Macrophages contain numerous dynamic, dot-like adhesion structures called podosomes. They consist of a core of actin filaments and associated proteins and a ring structure containing plaque proteins such as vinculin and talin (see image). Besides their role in adhesion, podosomes most probably have important functions in migration and invasion of cells.
We are interested in the proteins and mechanisms involved in podosome regulation. Earlier, we could show that WASp (Wiskott-Aldrich Syndrome protein) and actin-nucleating Arp2/3 complex are important regulators of podosomes. We also characterized several domains of WASp and their contribution to actin filament formation. We are now trying to unravel other signal cascades controlling podosome turnover.

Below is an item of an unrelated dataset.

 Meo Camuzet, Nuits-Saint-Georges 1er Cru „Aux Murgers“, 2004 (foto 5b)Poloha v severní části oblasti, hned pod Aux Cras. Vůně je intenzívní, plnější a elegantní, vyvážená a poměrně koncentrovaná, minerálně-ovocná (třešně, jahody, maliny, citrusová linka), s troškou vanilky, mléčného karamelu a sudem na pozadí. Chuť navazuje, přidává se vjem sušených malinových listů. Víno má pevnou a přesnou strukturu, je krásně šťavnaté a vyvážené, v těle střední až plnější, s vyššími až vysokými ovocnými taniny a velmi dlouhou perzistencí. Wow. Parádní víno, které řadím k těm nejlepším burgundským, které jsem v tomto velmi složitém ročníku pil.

According to our results, microtubules positively regulate podosome formation in human macrophages (see our logo: podosomes and microtubules). In particular, we could show that the kinesin KIF1C localizes to microtubule plus ends where it regulates podosome dynamics (i.e., fission and dissolution). Therefore, we also focus on functional interactions between podosomes and the microtubule system.

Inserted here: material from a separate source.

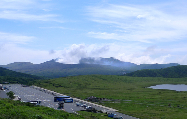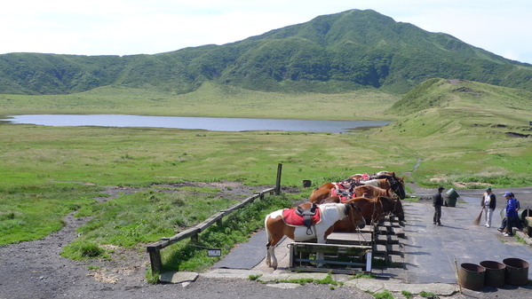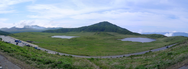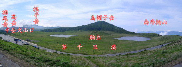 盆地型草原,海拔大約1140公尺,春天到秋天放牧牛馬,草原中間的隆起的「駒立」分隔左右兩潭水池,南側有「烏帽子岳」,東邊(左)可以遠望「中岳」的噴煙。

Endothelial cells are components of all blood vessels where they form monolayered tubular structures. They control the passage of materials as well as the transmigration of white blood cells into and out of the bloodstream. The integrity and regulation of the endothelial cell layer of blood vessels is therefore of critical importance for physiological and pathological processes such as wound healing, angiogenesis or inflammation. Endothelial regulation demands an exact coordination of cell movement as well as the dissolution and re-establishing of cell-cell-contacts. The basis for these phenomena is the dynamic and exactly controlled regulation of the actin cytoskeleton.
We are interested in the mechanisms regulating endothelial integrity, especially in the context of wound healing and stimulation with bacterial noxes (e.g. CNF-1, see image). Regulators of the actin cytoskeleton, especially effector proteins of RhoGTPases, play important roles here. We are studying these processes and the proteins involved on the molecular as well as on the cellular level.